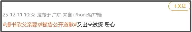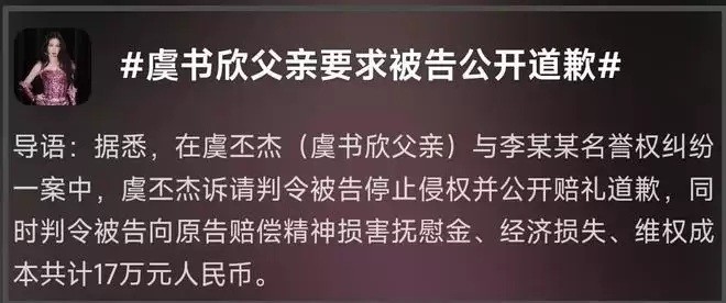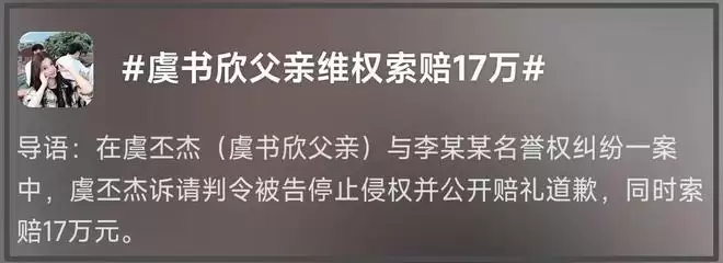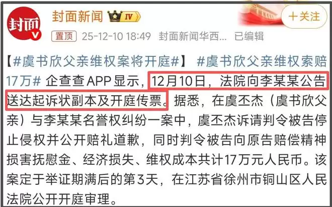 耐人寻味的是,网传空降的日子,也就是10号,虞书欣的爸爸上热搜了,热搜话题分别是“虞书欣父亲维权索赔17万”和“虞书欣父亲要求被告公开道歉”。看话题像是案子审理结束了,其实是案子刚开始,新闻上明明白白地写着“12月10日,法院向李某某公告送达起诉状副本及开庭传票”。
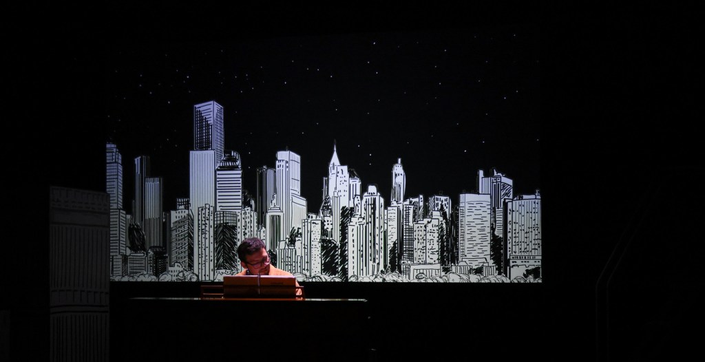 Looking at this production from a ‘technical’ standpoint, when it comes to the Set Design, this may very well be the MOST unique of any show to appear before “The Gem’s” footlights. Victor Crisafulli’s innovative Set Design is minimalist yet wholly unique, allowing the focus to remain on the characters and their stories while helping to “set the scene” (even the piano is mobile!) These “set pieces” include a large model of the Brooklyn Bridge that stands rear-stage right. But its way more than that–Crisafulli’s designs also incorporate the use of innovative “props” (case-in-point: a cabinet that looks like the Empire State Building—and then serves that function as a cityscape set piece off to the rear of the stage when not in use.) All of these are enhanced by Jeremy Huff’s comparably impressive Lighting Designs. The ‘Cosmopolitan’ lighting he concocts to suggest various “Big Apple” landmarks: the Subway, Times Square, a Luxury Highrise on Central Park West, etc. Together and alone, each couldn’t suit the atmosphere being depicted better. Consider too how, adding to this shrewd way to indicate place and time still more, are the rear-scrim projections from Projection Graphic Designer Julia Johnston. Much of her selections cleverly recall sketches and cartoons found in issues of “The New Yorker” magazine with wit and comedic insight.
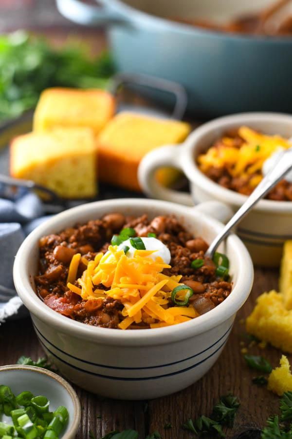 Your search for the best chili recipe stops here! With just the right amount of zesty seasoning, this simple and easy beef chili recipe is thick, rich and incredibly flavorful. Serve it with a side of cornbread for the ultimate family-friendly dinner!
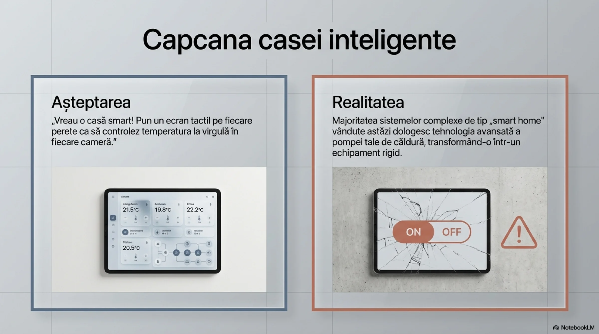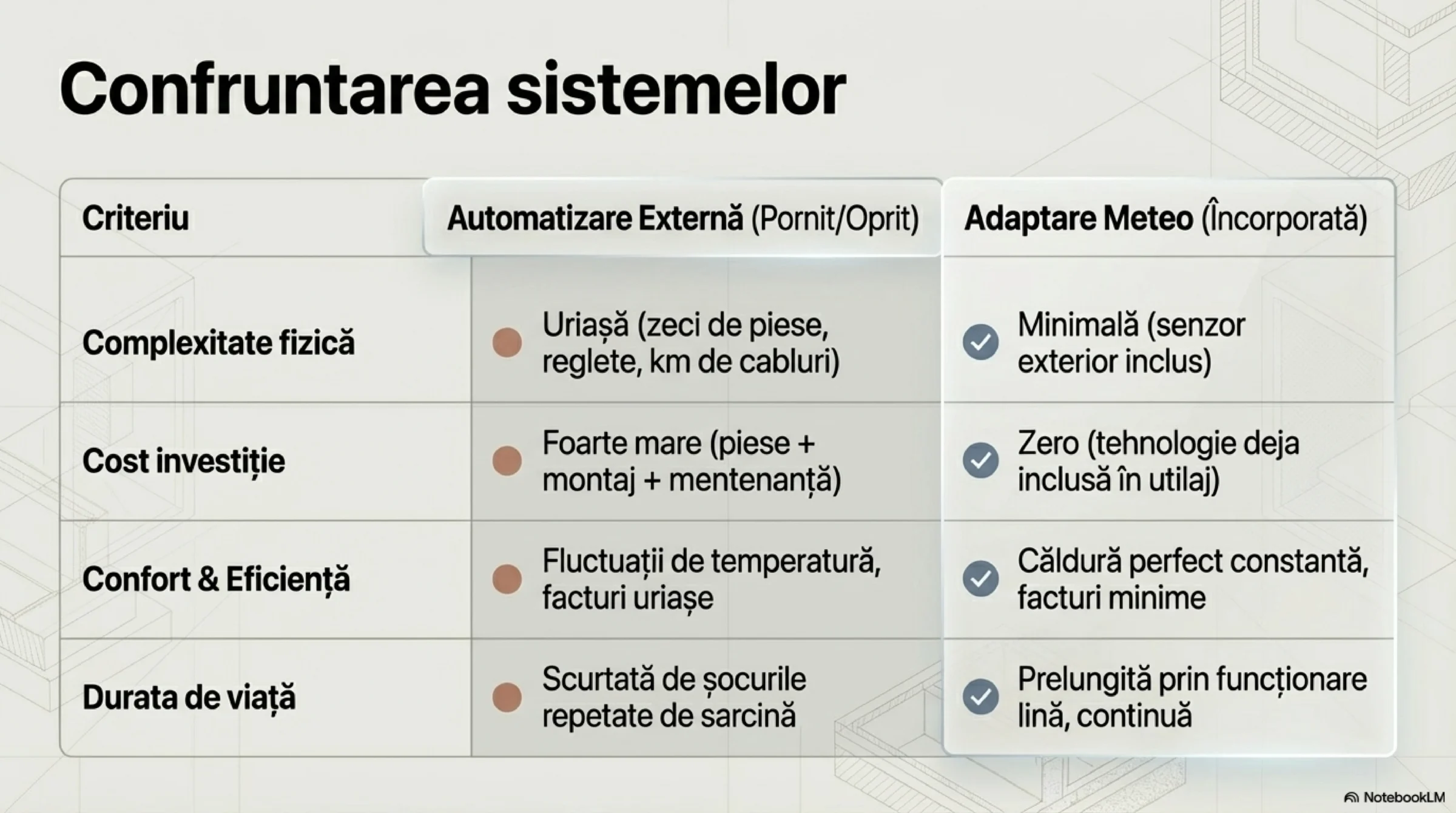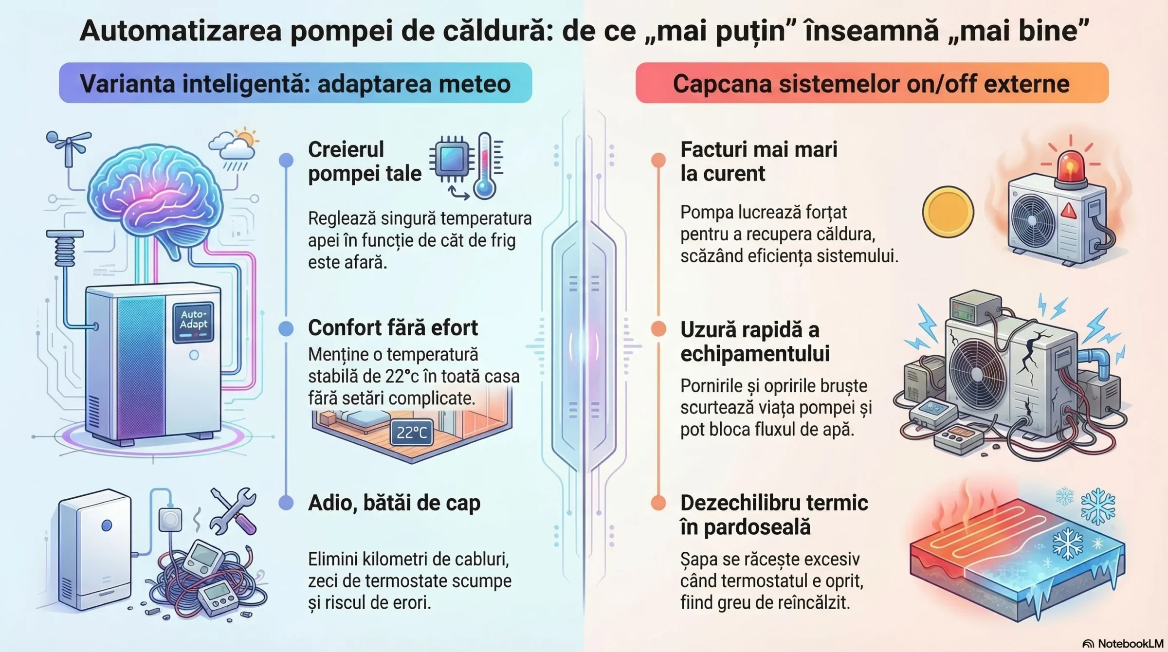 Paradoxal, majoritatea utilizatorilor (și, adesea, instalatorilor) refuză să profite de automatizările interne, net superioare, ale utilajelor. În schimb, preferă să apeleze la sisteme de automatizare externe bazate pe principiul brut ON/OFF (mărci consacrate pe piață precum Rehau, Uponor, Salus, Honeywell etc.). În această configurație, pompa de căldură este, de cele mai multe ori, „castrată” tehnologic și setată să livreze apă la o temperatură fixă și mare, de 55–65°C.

• • • •

PROBLEM:
Write out the material exactly, excluding pictures.

YOUR RESPONSE:
 耐人寻味的是,网传空降的日子,也就是10号,虞书欣的爸爸上热搜了,热搜话题分别是“虞书欣父亲维权索赔17万”和“虞书欣父亲要求被告公开道歉”。看话题像是案子审理结束了,其实是案子刚开始,新闻上明明白白地写着“12月10日,法院向李某某公告送达起诉状副本及开庭传票”。
 Looking at this production from a ‘technical’ standpoint, when it comes to the Set Design, this may very well be the MOST unique of any show to appear before “The Gem’s” footlights. Victor Crisafulli’s innovative Set Design is minimalist yet wholly unique, allowing the focus to remain on the characters and their stories while helping to “set the scene” (even the piano is mobile!) These “set pieces” include a large model of the Brooklyn Bridge that stands rear-stage right. But its way more than that–Crisafulli’s designs also incorporate the use of innovative “props” (case-in-point: a cabinet that looks like the Empire State Building—and then serves that function as a cityscape set piece off to the rear of the stage when not in use.) All of these are enhanced by Jeremy Huff’s comparably impressive Lighting Designs. The ‘Cosmopolitan’ lighting he concocts to suggest various “Big Apple” landmarks: the Subway, Times Square, a Luxury Highrise on Central Park West, etc. Together and alone, each couldn’t suit the atmosphere being depicted better. Consider too how, adding to this shrewd way to indicate place and time still more, are the rear-scrim projections from Projection Graphic Designer Julia Johnston. Much of her selections cleverly recall sketches and cartoons found in issues of “The New Yorker” magazine with wit and comedic insight.
 Your search for the best chili recipe stops here! With just the right amount of zesty seasoning, this simple and easy beef chili recipe is thick, rich and incredibly flavorful. Serve it with a side of cornbread for the ultimate family-friendly dinner!
 Paradoxal, majoritatea utilizatorilor (și, adesea, instalatorilor) refuză să profite de automatizările interne, net superioare, ale utilajelor. În schimb, preferă să apeleze la sisteme de automatizare externe bazate pe principiul brut ON/OFF (mărci consacrate pe piață precum Rehau, Uponor, Salus, Honeywell etc.). În această configurație, pompa de căldură este, de cele mai multe ori, „castrată” tehnologic și setată să livreze apă la o temperatură fixă și mare, de 55–65°C.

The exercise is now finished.